Not sure which tip is right for your experiment? Contact us and our team will reach out to you shortly.

Conclusion

Peptide desalting with C18 StageTips is a simple, reliable, and cost-effective method that can significantly improve the quality of your LC–MS/MS data. The key to consistent results is careful attention to a few fundamental rules: proper conditioning, acidic sample loading, no drying of the membrane, and clean elution into a fresh tube. With this protocol and the troubleshooting guide above, even researchers new to proteomics can achieve high peptide recovery and clean mass spectrometry data.

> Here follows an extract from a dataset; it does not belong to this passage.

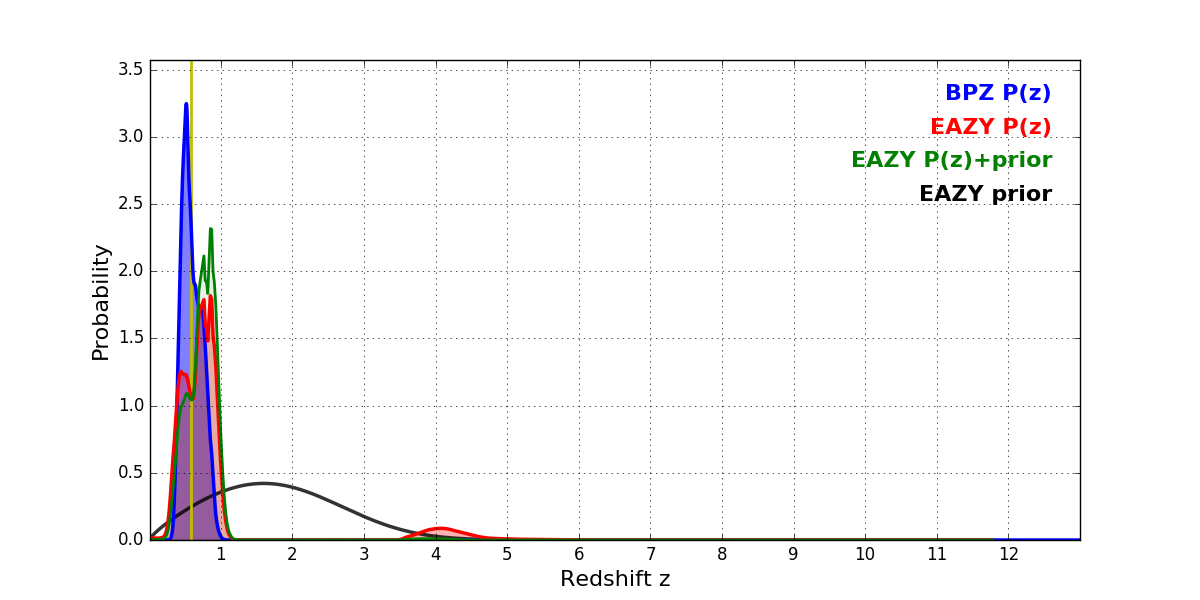 In P(z) plots: Yellow lines mark the cluster redshift z = 0.586,

1. Rappsilber, J.; Mann, M.; Ishihama, Y. Protocol for micro-purification, enrichment, pre-fractionation and storage of peptides for proteomics using StageTips. Nat. Protoc. 2007, 2(8), 1896–1906.

2. Kulak, N.; Pichler, G.; Paron, I. et al. Minimal, encapsulated proteomic-sample processing applied to copy-number estimation in eukaryotic cells. Nat. Methods 2014, 11, 319–324.